<<<<

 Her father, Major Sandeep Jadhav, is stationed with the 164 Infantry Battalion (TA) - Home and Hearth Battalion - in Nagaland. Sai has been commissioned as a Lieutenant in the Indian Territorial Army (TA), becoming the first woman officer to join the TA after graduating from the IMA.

>>>>
<<<<

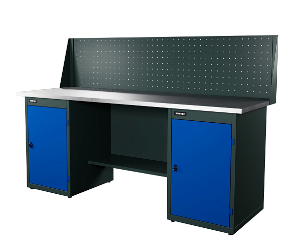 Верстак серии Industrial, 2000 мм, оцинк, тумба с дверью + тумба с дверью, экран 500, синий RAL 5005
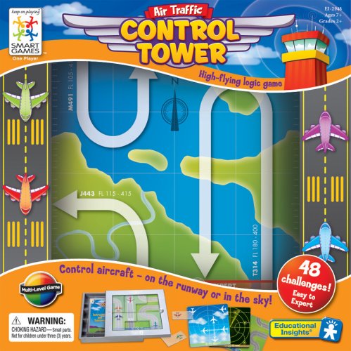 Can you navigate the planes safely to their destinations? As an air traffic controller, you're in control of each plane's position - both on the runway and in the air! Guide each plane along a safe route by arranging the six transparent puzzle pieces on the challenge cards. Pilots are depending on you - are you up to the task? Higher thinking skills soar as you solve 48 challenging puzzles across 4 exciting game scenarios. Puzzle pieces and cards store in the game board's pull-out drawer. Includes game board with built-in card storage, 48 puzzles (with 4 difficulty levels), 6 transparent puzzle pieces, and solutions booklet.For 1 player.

>>>>

■ What needs to be done ■
How would the lines above read from the one with "Верстак серии Industrial, 2000" to the one with "Can you navigate", inclusive, with no pictures? Write them out exactly.

■ Solution for this task ■
 Верстак серии Industrial, 2000 мм, оцинк, тумба с дверью + тумба с дверью, экран 500, синий RAL 5005
 Can you navigate the planes safely to their destinations? As an air traffic controller, you're in control of each plane's position - both on the runway and in the air! Guide each plane along a safe route by arranging the six transparent puzzle pieces on the challenge cards. Pilots are depending on you - are you up to the task? Higher thinking skills soar as you solve 48 challenging puzzles across 4 exciting game scenarios. Puzzle pieces and cards store in the game board's pull-out drawer. Includes game board with built-in card storage, 48 puzzles (with 4 difficulty levels), 6 transparent puzzle pieces, and solutions booklet.For 1 player.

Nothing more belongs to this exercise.